- **Task goal**:
From the listing below, output the lines between the one with "دکمه برای بالا" and the one with "Denna vintageaffisch med", including those two, and nothing else. Pictures are not copied.

- **Input**:
Segment Open
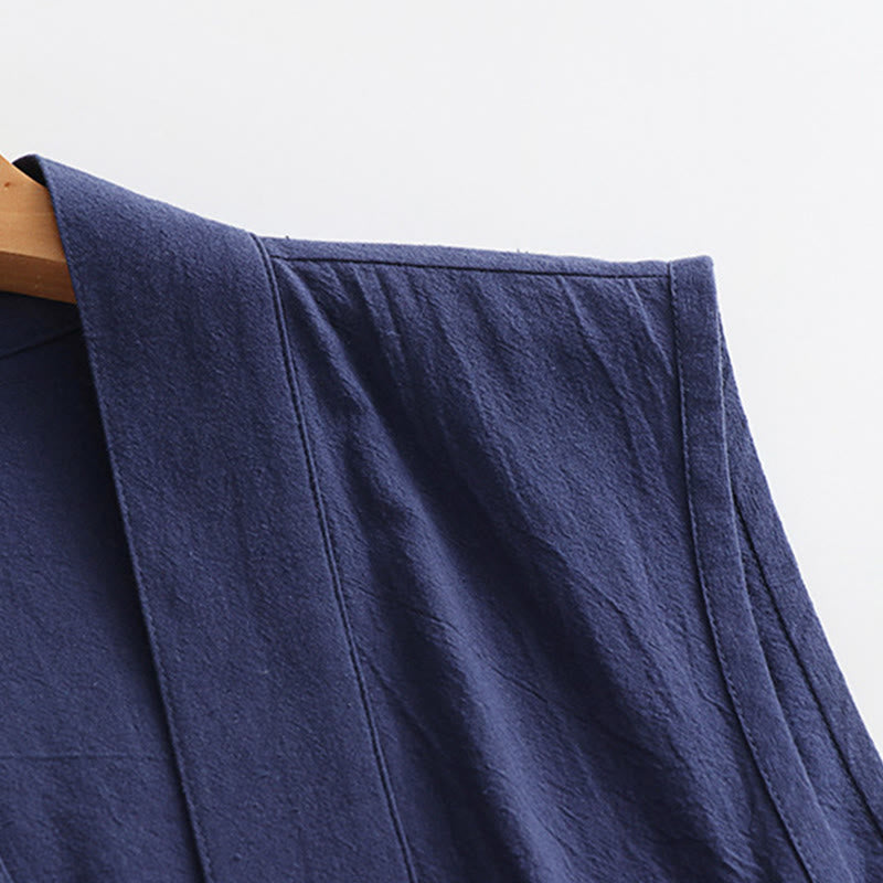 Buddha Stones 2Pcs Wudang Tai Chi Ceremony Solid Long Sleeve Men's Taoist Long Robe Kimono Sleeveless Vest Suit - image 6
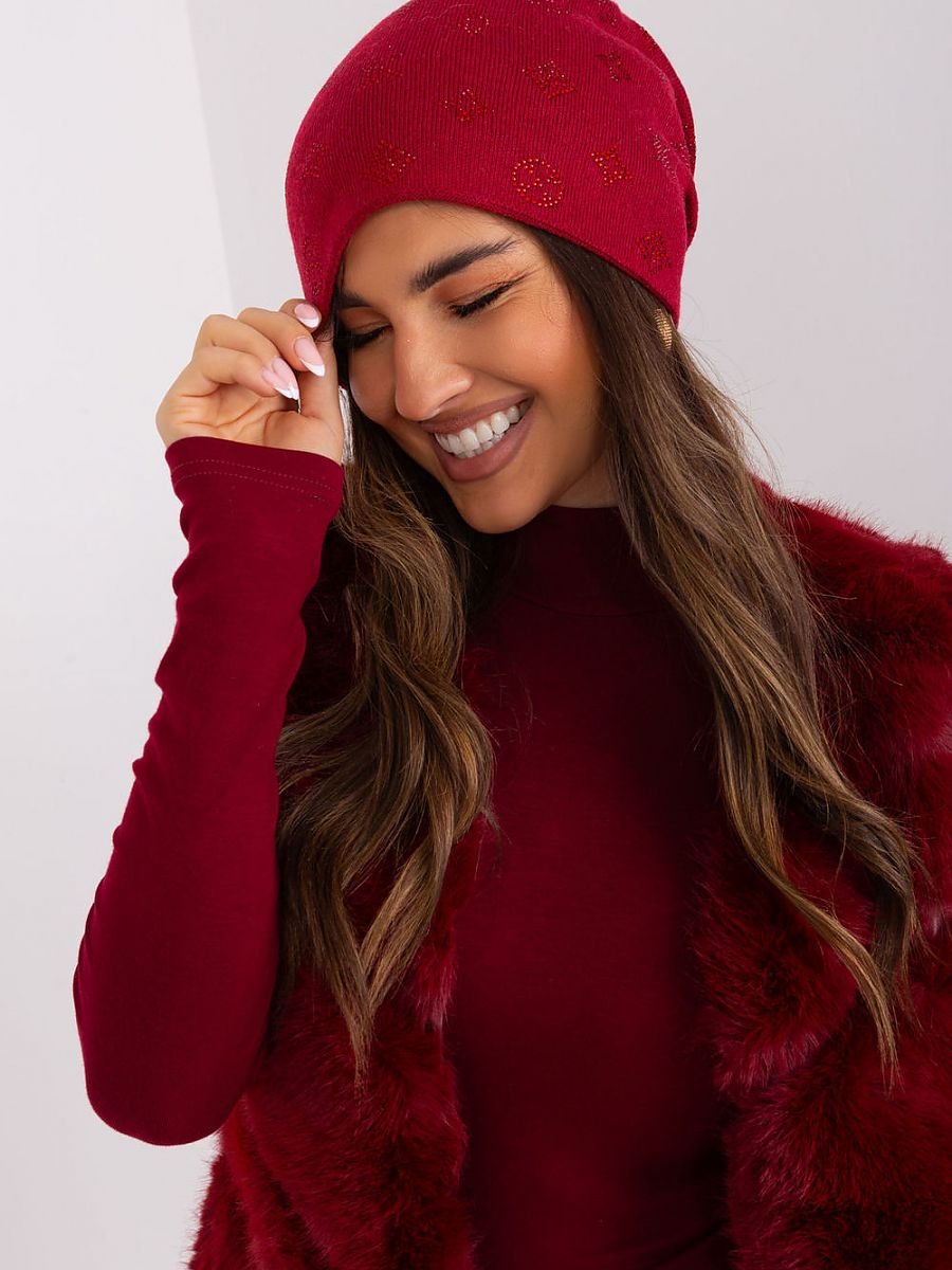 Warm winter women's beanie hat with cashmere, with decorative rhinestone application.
Segment Closed
Segment Open
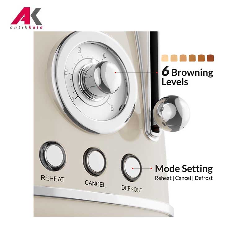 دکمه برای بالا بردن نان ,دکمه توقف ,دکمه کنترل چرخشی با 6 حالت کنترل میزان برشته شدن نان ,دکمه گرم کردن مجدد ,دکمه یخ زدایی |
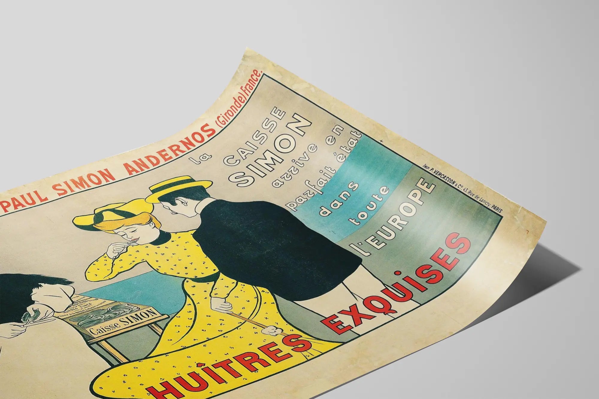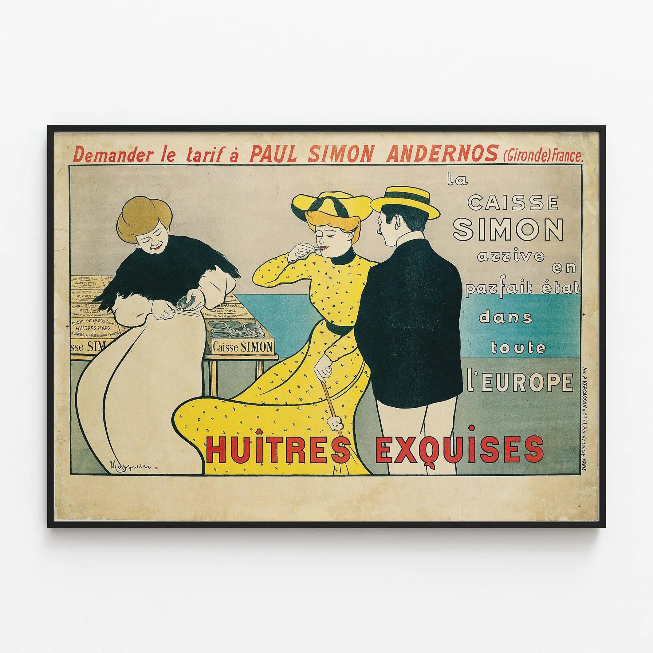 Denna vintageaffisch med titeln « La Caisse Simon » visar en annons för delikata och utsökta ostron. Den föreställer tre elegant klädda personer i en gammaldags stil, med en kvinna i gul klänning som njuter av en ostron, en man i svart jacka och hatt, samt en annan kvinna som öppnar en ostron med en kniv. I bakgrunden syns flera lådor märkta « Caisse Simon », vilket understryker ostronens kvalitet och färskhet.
Segment Closed
Segment Open
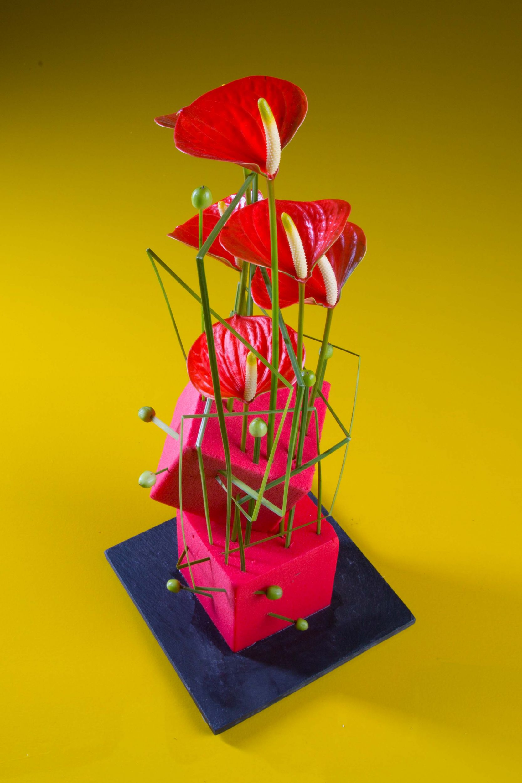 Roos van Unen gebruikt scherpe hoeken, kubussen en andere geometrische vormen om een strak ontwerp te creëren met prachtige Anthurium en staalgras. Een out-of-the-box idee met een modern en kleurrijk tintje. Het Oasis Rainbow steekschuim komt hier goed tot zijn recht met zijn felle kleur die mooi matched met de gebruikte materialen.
Segment Closed
- **Solution to the exercise**:
 دکمه برای بالا بردن نان ,دکمه توقف ,دکمه کنترل چرخشی با 6 حالت کنترل میزان برشته شدن نان ,دکمه گرم کردن مجدد ,دکمه یخ زدایی |
 Denna vintageaffisch med titeln « La Caisse Simon » visar en annons för delikata och utsökta ostron. Den föreställer tre elegant klädda personer i en gammaldags stil, med en kvinna i gul klänning som njuter av en ostron, en man i svart jacka och hatt, samt en annan kvinna som öppnar en ostron med en kniv. I bakgrunden syns flera lådor märkta « Caisse Simon », vilket understryker ostronens kvalitet och färskhet.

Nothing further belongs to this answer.